VEN_DBG_CORE — on-die debug / trace / step / breakpoint

A single opt-in flag arms a comprehensive forensic unit. It is OFF by default (make verify stays 77/77 byte/cycle-identical; the FPGA close is unchanged). Turn it on for a debug bitstream (DBG_CORE=1 in fpga/scripts/impl_kv260_soc.tcl) or a debug sim (+define+VEN_DBG_CORE; the l1axi_kv_dos tb target carries it).

What it adds (all observers except step/breakpoint, which only act once the PS arms them — so even a VEN_DBG_CORE build is cycle-identical until then):

  • Committed-state taps — the EIP / CS / ESP / EFLAGS of the last retired instruction, the FSM micro-state (state_e), the last exception/IRQ vector and its source EIP, and live CR0 (PE/PG = real/protected/paging). Surfaced as ventium_top debug-bundle ports (read directly by tb_main; on a stop it prints a one-line [VEN_DBG] dump naming where and why the core stopped).

  • PC ring buffer (ven_soc_dbg, 32 × {state,CS,EIP}, BRAM) — the last N retired PCs, read back N-back via R_DBG_TRACE_IDX/_PC/_AUX. On a board freeze this is the instruction trail into a derail.

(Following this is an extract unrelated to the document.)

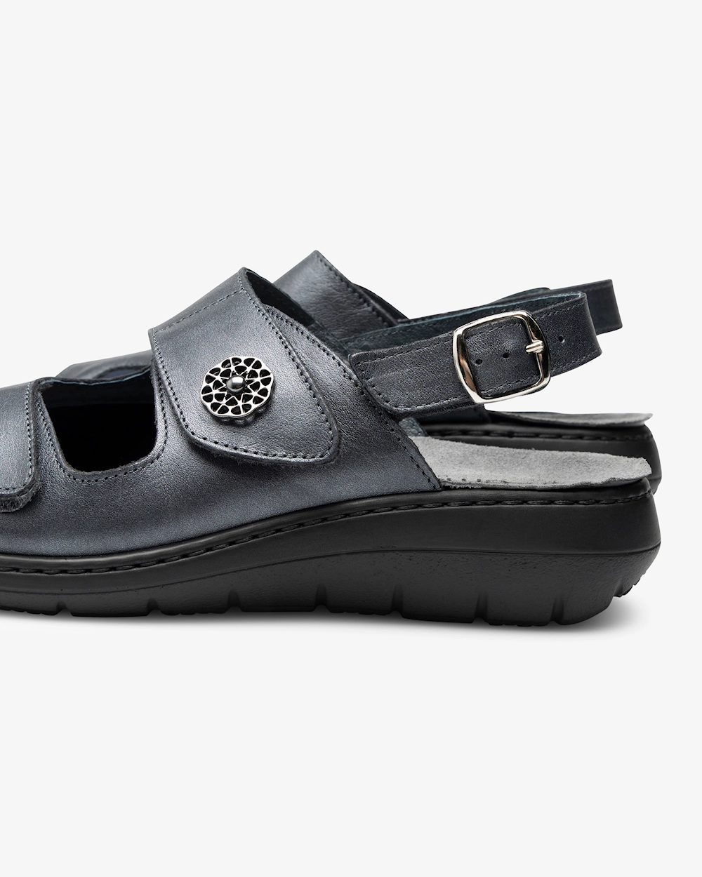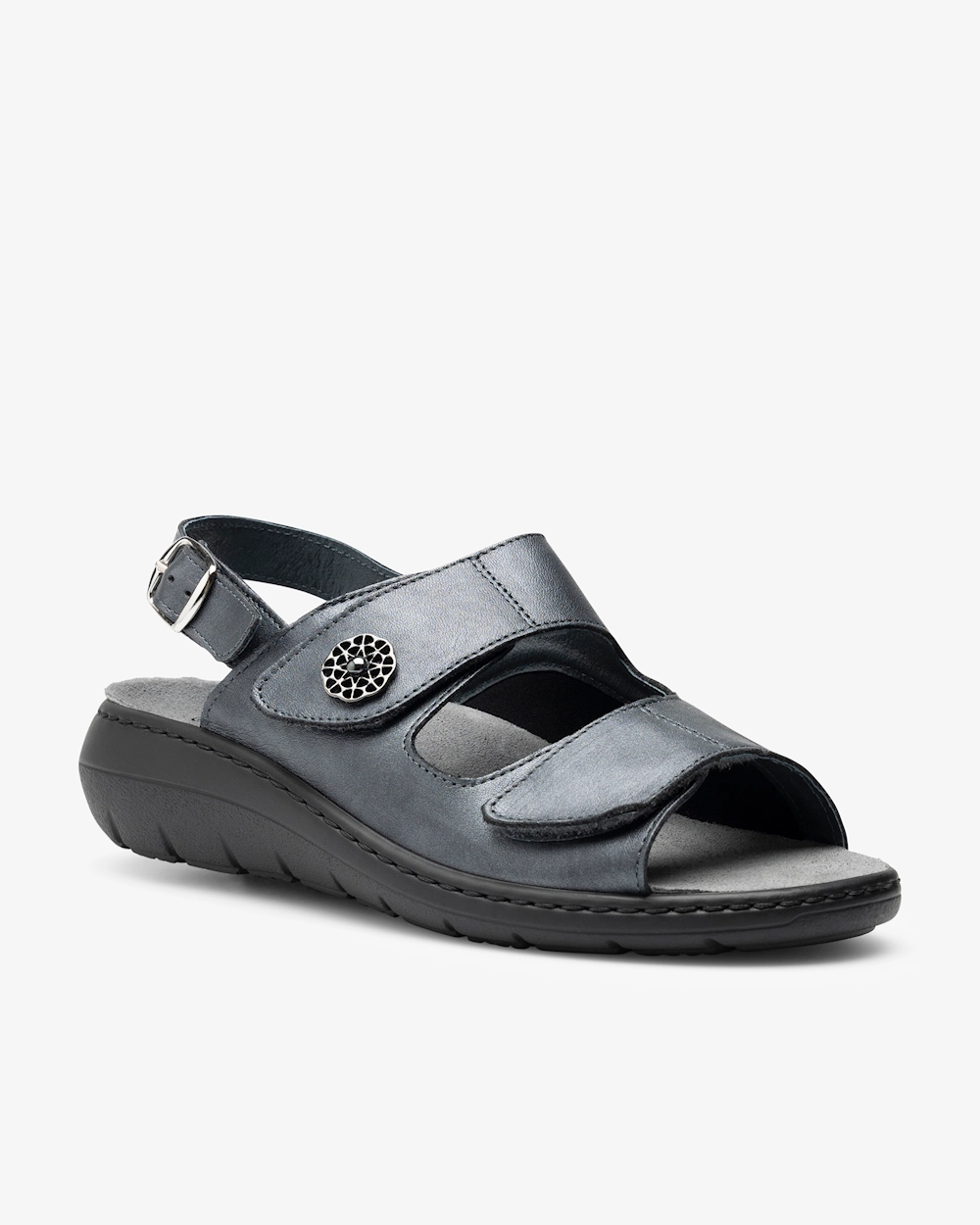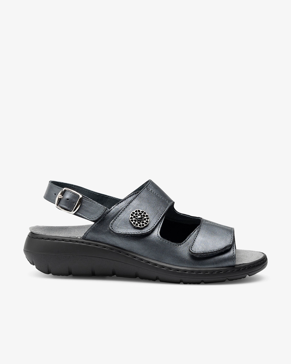 Mjuk damsandal i skinn med utbytbar, ergonomisk fotbädd som ger stöd för hålfoten och lyfter framfotsvalvet. Sandalen är skinnfodrad och har justerbara remmar med kardborre. Perfekt för dig som lätt blir trött i fötterna och är i behov av en luftig och mjuk sandal som erbjuder gott om stöd.

  • Freeze detector — a stall counter (reset on each retire); crossing the PS-set R_DBG_FREEZE_TH latches a snapshot (EIP/FSM/vector) + a sticky frozen bit, distinguishing a silent stall from a clean halt.

  • Performance counters — cycles, retired, no-retire (stall) cycles, S_IO cycles, external IRQs (R_DBG_PERF_*). CPI = cyc/retired.

  • Single-step / breakpointR_DBG_RUNCTL parks the core at the S_DECODE instruction boundary (halt_req), grants one instruction (step), or a PC breakpoint (bp_en + R_DBG_BP_ADDR) halts at the target. The park sits below SMI/NMI/INTR (no interrupt is lost) and is modeled on the resumable S_HLTWAIT halt; in-flight loads/fills advance untouched.

The PS reads it all through the ven_soc_axil 0x80+ window (mirrored in sw/ps/ven_soc_app/ven_soc_regs.h); ven_soc_app probes R_DBG_CAP == 0xDB01_0020 and dbg_dump_core() prints the full state + ring on a CPU_HUNG or a silent-stall auto-trigger. Verified: the deployed top lints + make verify 77/77 (off); in sim --dbg-step N walks the EIP stream one instruction at a time and --dbg-bp <eip> parks at the target.